46. The method of claim 45 wherein the cancer is selected from the group consisting of oligodendroglioma, astrocytoma, glioblastomamultiforme, cervical carcinoma, endometriod carcinoma, endometrium serous carcenoma, ovary endometroid cancer, ovary Brenner tumor, ovary mucinous cancer, ovary serous cancer, uterus carcinosarcoma, breast lobular cancer, breast ductal cancer, breast medullary cancer, breast mucinous cancer, breast tubular cancer, thyroid adenocarcinoma, thyroid follicular cancer, thyroid medullary cancer, thyroid papillary carcinoma, parathyroid adenocarcinoma, adrenal gland adenoma, adrenal gland cancer, pheochromocytoma, colon adenoma mild displasia, colon adenoma moderate displasia, colon adenoma severe displasia, colon adenocarcinoma, esophagus adenocarcinoma, hepatocelluar carcinoma, mouth cancer, gall bladder adenocarcinoma, pancreatic adenocarcinoma, small intestine adenocarcinoma, stomach diffuse adenocarcinoma, prostate (hormone-refract), prostate (untreated), kideny chromophobic carcinoma, kidney clear cell carcinoma, kidney oncocytoma, kideny papillary carcinoma, testis non-seminomatous cancer, testis seminoma, urinary bladder transitional carcinoma, lung adenocarcinoma, lung large cell cancer, lung small cell cancer, lung squmous cell carcinoma, Hodgkin lymphoma, MALT lymphoma, non-hodgkins lymphoma (NHL) diffuse large B, NHL, thymoma, skin malignant melanoma, skin basolioma, skin squamous cell cancer, skin merkel zell cancer, skin benign nevus, lipoma, and liposarcoma.

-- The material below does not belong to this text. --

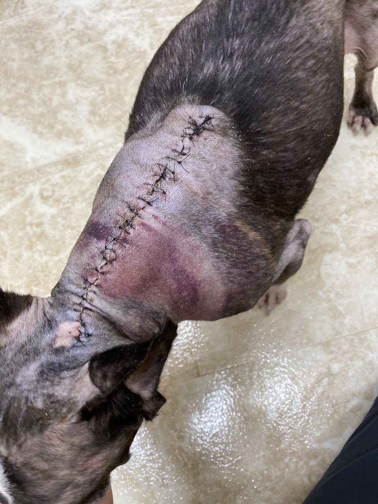 このまま行けば今週中頃から傷の抜糸ができるかなぁとの事でした。 痒いのかかいかいしちゃうから傷にならないように気を付けてみてくれてます。

47. A method of treating an individual suffering from cancer comprising, administering to said individaul a Pin1 inhibitor such that treatment occurs.

48. The method of claim 47 wherein said cancer is selected from the group consisting of oligodendroglioma, astrocytoma, glioblastomamultiforme, cervical carcinoma, endometriod carcinoma, endometrium serous carcenoma, ovary endometroid cancer, ovary Brenner tumor, ovary mucinous cancer, ovary serous cancer, uterus carcinosarcoma, breast lobular cancer, breast ductal cancer, breast medullary cancer, breast mucinous cancer, breast tubular cancer, thyroid adenocarcinoma, thyroid follicular cancer, thyroid medullary cancer, thyroid papillary carcinoma, parathyroid adenocarcinoma, adrenal gland adenoma, adrenal gland cancer, pheochromocytoma, colon adenoma mild displasia, colon adenoma moderate displasia, colon adenoma severe displasia, colon adenocarcinoma, esophagus adenocarcinoma, hepatocelluar carcinoma, mouth cancer, gall bladder adenocarcinoma, pancreatic adenocarcinoma, small intestine adenocarcinoma, stomach diffuse adenocarcinoma, prostate (hormone-refract), prostate (untreated), kideny chromophobic carcinoma, kidney clear cell carcinoma, kidney oncocytoma, kideny papillary carcinoma, testis non-seminomatous cancer, testis seminoma, urinary bladder transitional carcinoma, lung adenocarcinoma, lung large cell cancer, lung small cell cancer, lung squmous cell carcinoma, Hodgkin lymphoma, MALT lymphoma, non-hodgkins lymphoma (NHL) diffuse large B, NHL, thymoma, skin malignant melanoma, skin basolioma, skin squamous cell cancer, skin merkel zell cancer, skin benign nevus, lipoma, and liposarcoma.